Summary: [Backup restore API] Start VM, with attached snapshot disk on block based storage, fails on libvirtError
Product: [oVirt] vdsm Reporter: Elad <ebenahar>
Component: CoreAssignee: Eyal Shenitzky <eshenitz>
Status: CLOSED CURRENTRELEASE QA Contact: Elad <ebenahar>
Severity: high Docs Contact:
Priority: unspecified    
Version: 4.20.13CC: amureini, bugs, ebenahar, nsoffer, tnisan
Target Milestone: ovirt-4.2.1Keywords: Automation, Regression
Target Release: ---Flags: rule-engine: ovirt-4.2+
rule-engine: blocker+
Hardware: x86_64   
OS: Unspecified   
Whiteboard:
Fixed In Version: v4.20.16 Doc Type: If docs needed, set a value
Doc Text:
Story Points: ---
Clone Of: Environment:
Last Closed: 2018-02-12 11:46:36 UTC Type: Bug
Regression: --- Mount Type: ---
Documentation: --- CRM:
Verified Versions: Category: ---
oVirt Team: Storage RHEL 7.3 requirements from Atomic Host:
Cloudforms Team: --- Target Upstream Version:
Embargoed:
Bug Depends On:    
Bug Blocks: 1526815    
Attachments:
Description Flags
logs
none
logs-RHEL7.4
none
logs-with fix none

Description Elad 2018-01-16 10:47:47 UTC
Created attachment 1381944 [details]
logs

Description of problem:
Basic backup restore API scenario of VM start while it has a snapshot disk attached fails with an unsupported configuration libvirt error.
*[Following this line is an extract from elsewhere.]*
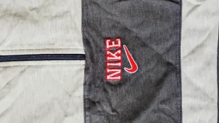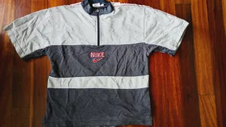 Camiseta de manga corta Nike de estilo vintage, con un diseño de bloques de color.Cremallera rota y un minusculo agujero en la parte de adelante, ver en la foto. - Diseño de bloques de color en gris y azul marino. - Logo de Nike bordado en el pecho. - Cuello con cremallera. - Manga corta.

Version-Release number of selected component (if applicable):
vdsm-4.20.13-1.el7ev.x86_64
libvirt-3.9.0-7.el7.x86_64
qemu-kvm-rhev-2.10.0-16.el7.x86_64
sanlock-3.6.0-1.el7.x86_64
selinux-policy-3.13.1-183.el7.noarch
kernel - 3.10.0-823.el7.x86_64 #1 SMP Wed Dec 13 21:17:45 EST 2017 x86_64 x86_64 x86_64 GNU/Linux
RHEL 7.5


How reproducible:
Always

Steps to Reproduce:
1. Create VM (source VM) with disk attached (storage type doesn't matter)
2. Create a snapshot for the source VM
3. Create a second VM (backup VM)
4. Attach the backup disk snapshot of source VM to the backup VM (via REST)
5. Start backup VM

Actual results:

Start backup VM fails:


2018-01-16 11:16:32,161+02 ERROR [org.ovirt.engine.core.dal.dbbroker.auditloghandling.AuditLogDirector] (EE-ManagedThreadFactory-engine-Thread-1768) [] EVENT_ID: USER_FAILED_RUN_VM(54), Failed to run VM backup_v
m_TestCase6178_1611152802 (User: admin@internal-authz).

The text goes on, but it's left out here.